What is needed
Every line in the data below has to be repeated exactly; no picture belongs in the result.
Start of Given material
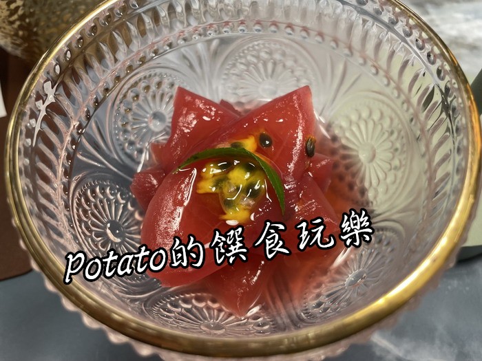 【湘碰杯餐酒沙龍】的菜色蠻多的,可以參考官網,我們點了幾樣菜–口水雞、滑蛋、炒飯等,菜色不錯。開胃小點–火紅熱情果,招待的,酸酸甜甜,真的很開胃。
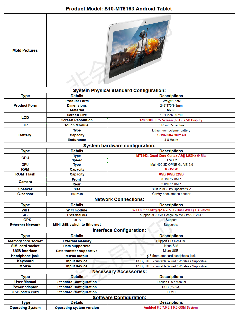 Product Model: S10-MT8163 Android Tablet
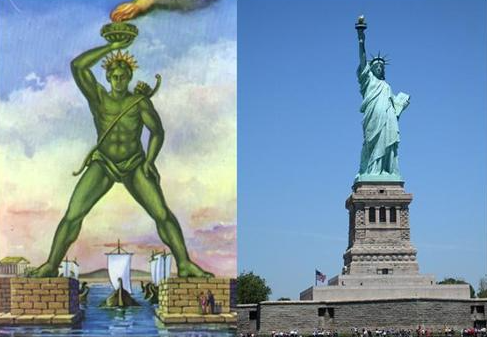The sun god tradition is thoroughly pagan in nature and, in truth, is often connected to none other than Satan himself. When Lazarus’ poem refers to the statue as the “New Colossus,” this refers specifically to the Colossus of Rhodes. This statue was erected on the Greek Island (and city) of Rhodes to commemorate the defense of Rhodes from Macedonian forces, and it stood roughly 108 feet tall. Not surprisingly, it was one of the Seven Wonders of the Ancient world. It depicted the Greek sun god, Helios, and it possessed radiant sun rays that protruded from its head.
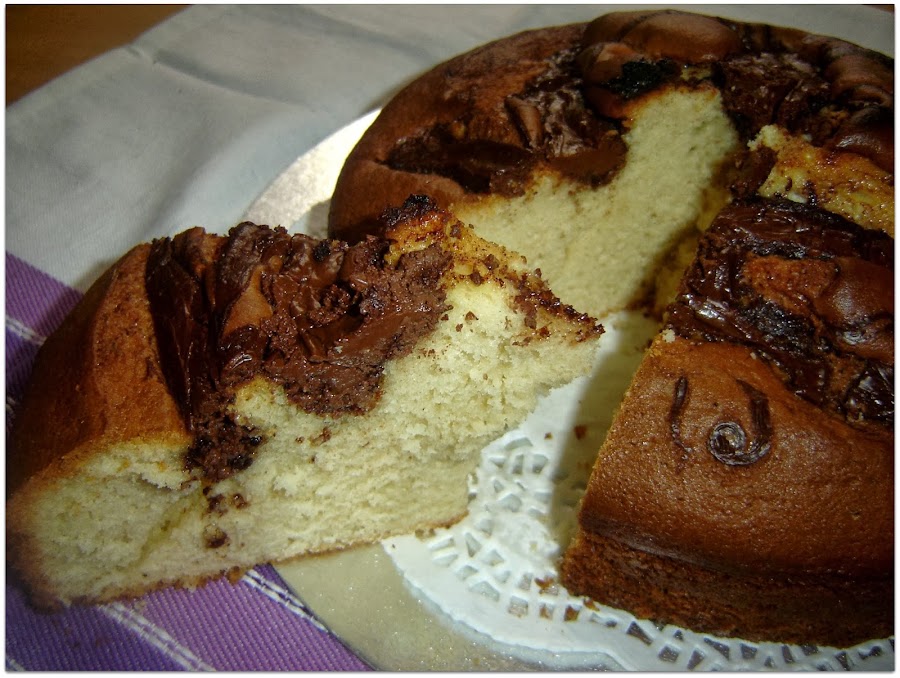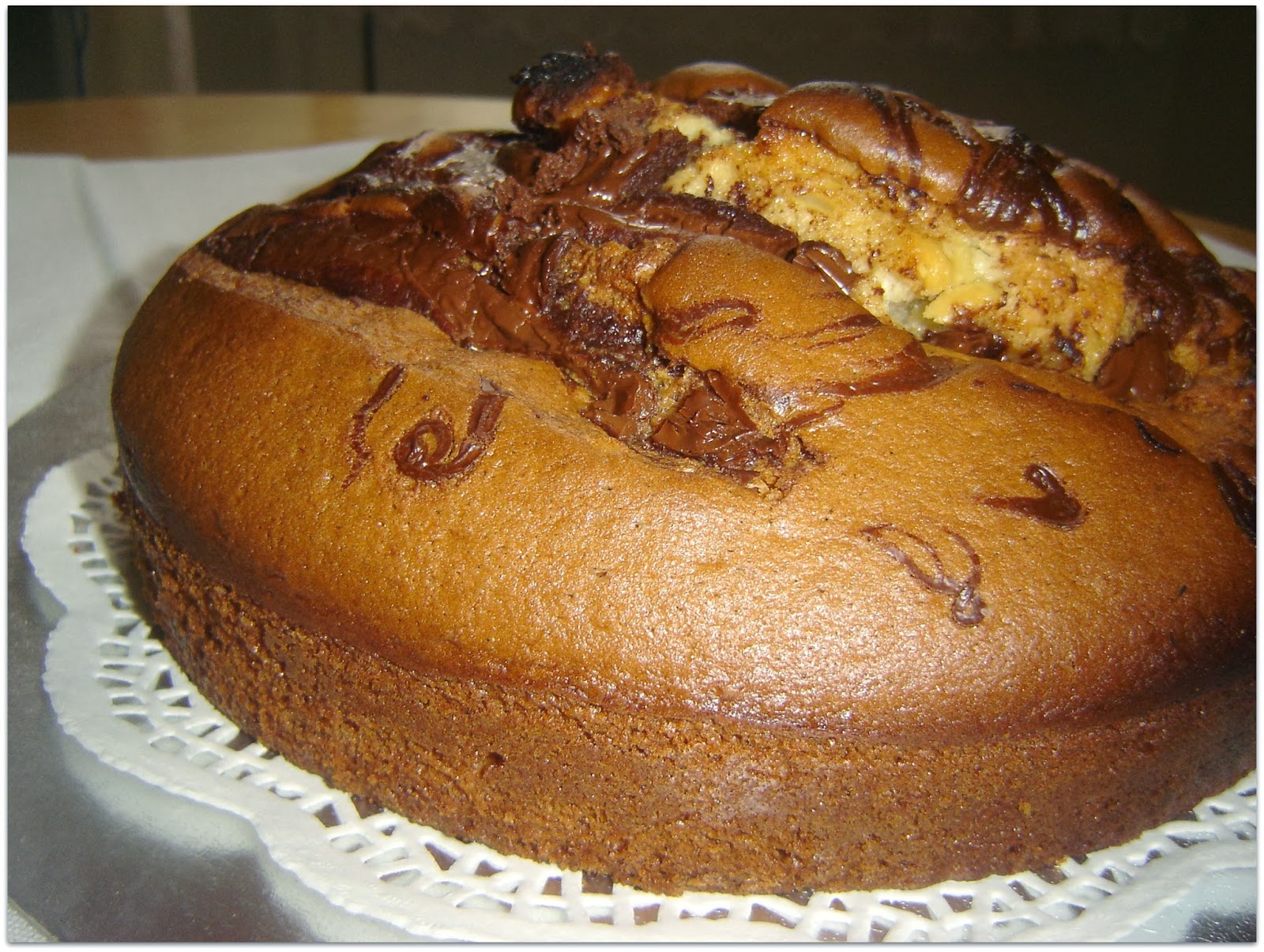 Hace unos años recuerdo que en un supermercado se celebraba la semana internacional y ví una tarta parecida en la sección de Italia y la compré para dar una sorpresa de cumpleaños. Estaba deliciosa! Hace unos días encontré una receta que me recordaba a esa que compré y no hay duda de que era la misma! Podéis usar la crema de cacao que más os guste. En mi caso utilicé Nutella porque aqui en el extranjero es de las más comunes y porque ya conocía bien su sabor en nuestro país. Y porque no puedo resistirme...para qué mentir jeje.
End of Given material
Response to the task
 【湘碰杯餐酒沙龍】的菜色蠻多的,可以參考官網,我們點了幾樣菜–口水雞、滑蛋、炒飯等,菜色不錯。開胃小點–火紅熱情果,招待的,酸酸甜甜,真的很開胃。
 Product Model: S10-MT8163 Android Tablet
The sun god tradition is thoroughly pagan in nature and, in truth, is often connected to none other than Satan himself. When Lazarus’ poem refers to the statue as the “New Colossus,” this refers specifically to the Colossus of Rhodes. This statue was erected on the Greek Island (and city) of Rhodes to commemorate the defense of Rhodes from Macedonian forces, and it stood roughly 108 feet tall. Not surprisingly, it was one of the Seven Wonders of the Ancient world. It depicted the Greek sun god, Helios, and it possessed radiant sun rays that protruded from its head.
 Hace unos años recuerdo que en un supermercado se celebraba la semana internacional y ví una tarta parecida en la sección de Italia y la compré para dar una sorpresa de cumpleaños. Estaba deliciosa! Hace unos días encontré una receta que me recordaba a esa que compré y no hay duda de que era la misma! Podéis usar la crema de cacao que más os guste. En mi caso utilicé Nutella porque aqui en el extranjero es de las más comunes y porque ya conocía bien su sabor en nuestro país. Y porque no puedo resistirme...para qué mentir jeje.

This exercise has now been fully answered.